-- EXERCISE INSTRUCTIONS --
Would you transcribe the lines running from the one that holds "Close up side" to the last line of the records? Leave every picture out.

**** ENTRIES SUPPLIED ****

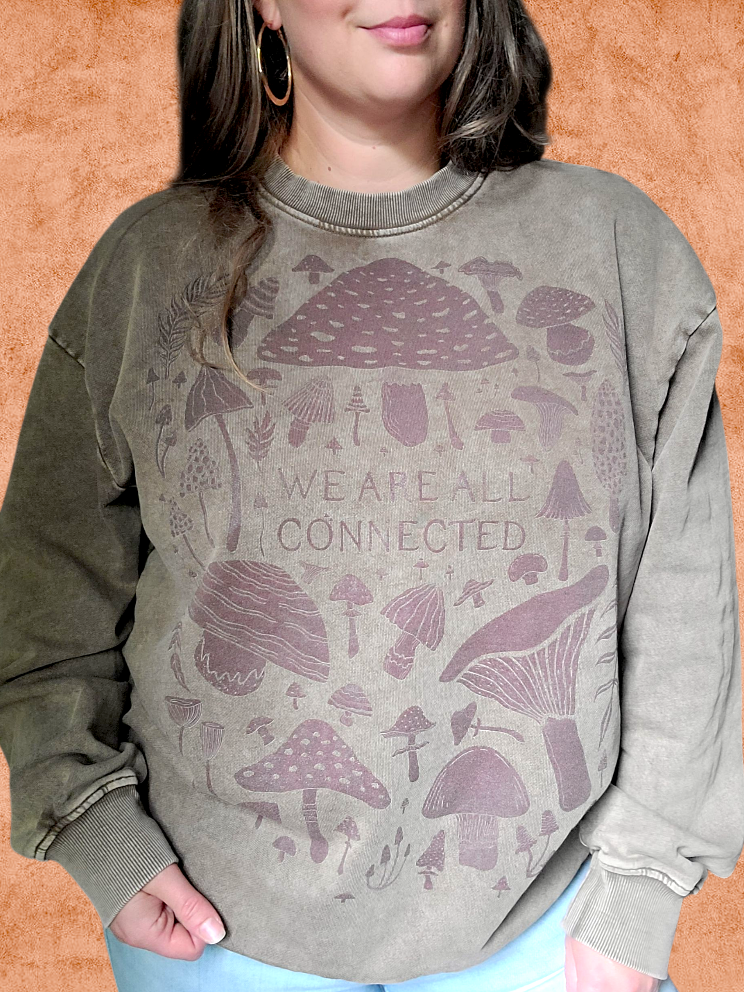 This design is inspired by the hidden networks of nature the mycelium, an underground web of fungi that quietly connects forests, plants, and trees. Just like these threads of life beneath the soil, we too are deeply interwoven with each other and with the Earth. The mushrooms illustrated here are a reminder of the many shapes and forms of connection, each unique yet part of the same living system. The phrase “We Are All Connected” sits at the center to reflect this truth. That even in our differences, we belong to one great web of life, unseen but always present.
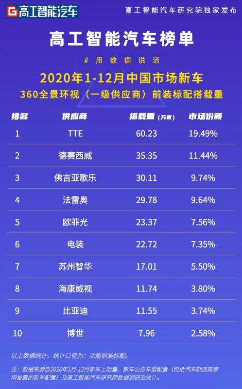 近日,高工智能汽車研究院獨(dú)家發(fā)布高工智能汽車榜單,數(shù)據(jù)顯示2020年全年中國(guó)市場(chǎng)新車360全景環(huán)視(一級(jí)供應(yīng)商)前裝標(biāo)配搭載量,TTE、德賽西威(002920)、歌樂(佛吉亞)、法雷奧、歐菲光(002456)(歐菲智聯(lián))排名2020年前裝標(biāo)配搭載上險(xiǎn)量前五。其中歐菲智聯(lián)為首次進(jìn)入前五榜單。
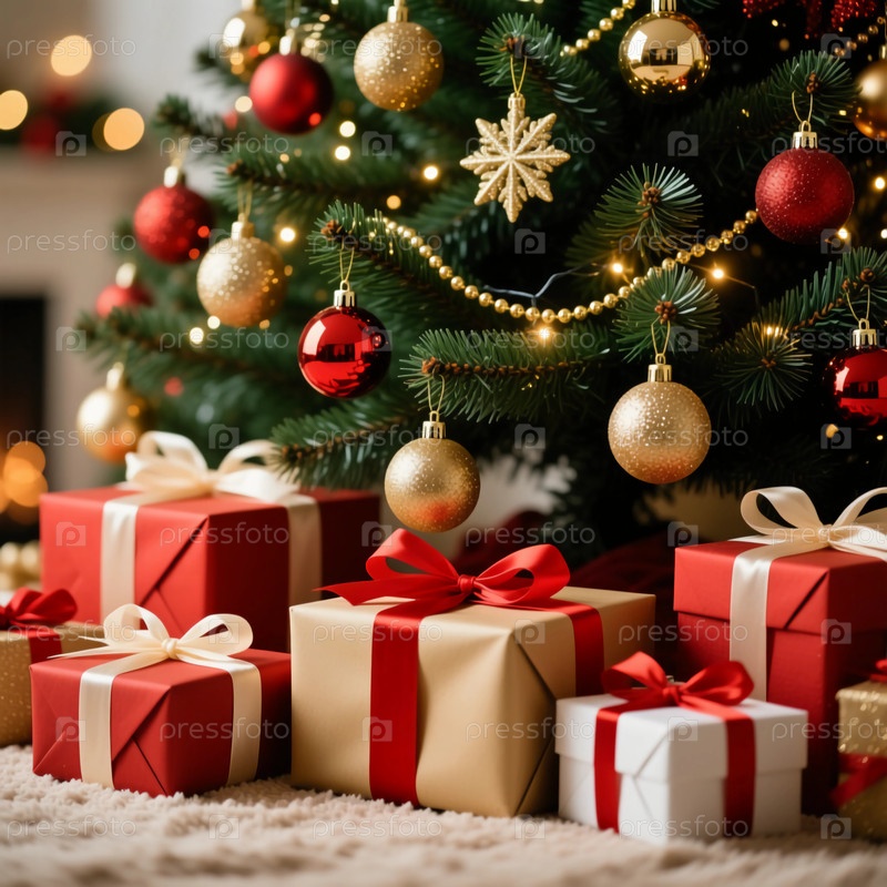 Красочные коробки с подарками размещаются под блестящей рождественской елкой, украшенной яркими декорациями и мерцающими огнями, создавая праздничную атмосферу для новогоднего сезона генеративного ИИ
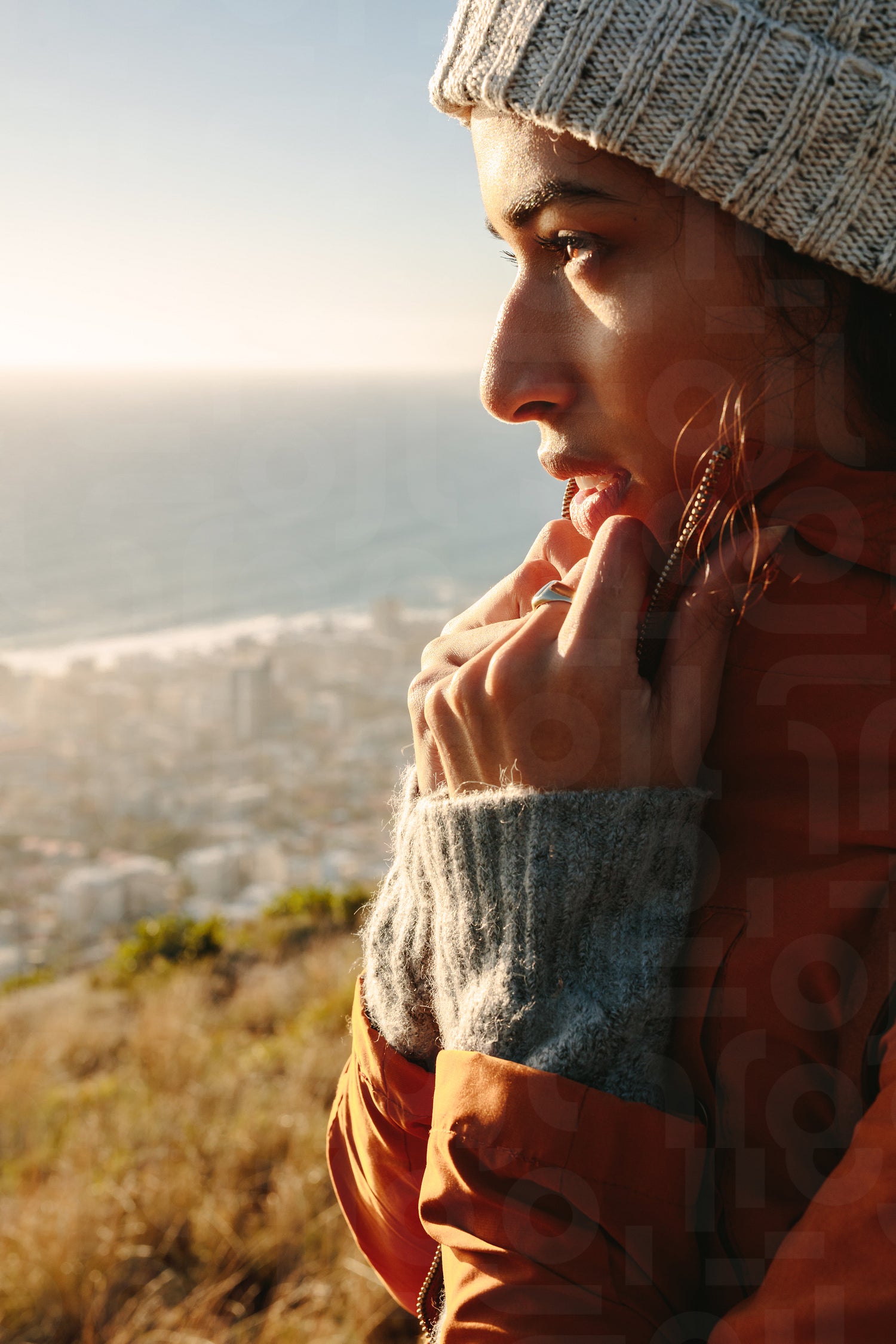 Close up side portrait of woman in winter wear looking at view outdoors. African female wearing warm jacket and knitted cap admiring the sea view in winter day.
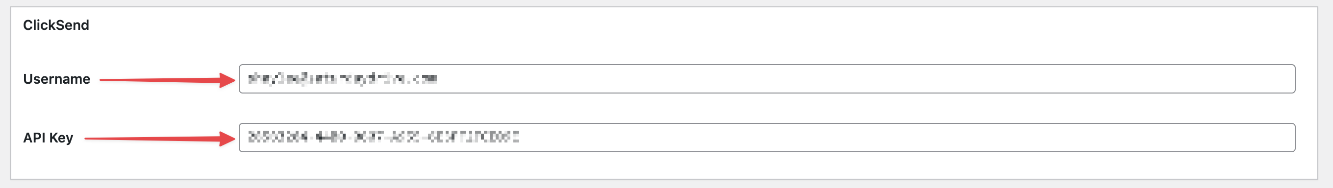 Return to the Ninja Form settings, and paste the Username and API Key into the ClickSend settings.

****

-- ANSWER BOX --
 Close up side portrait of woman in winter wear looking at view outdoors. African female wearing warm jacket and knitted cap admiring the sea view in winter day.
 Return to the Ninja Form settings, and paste the Username and API Key into the ClickSend settings.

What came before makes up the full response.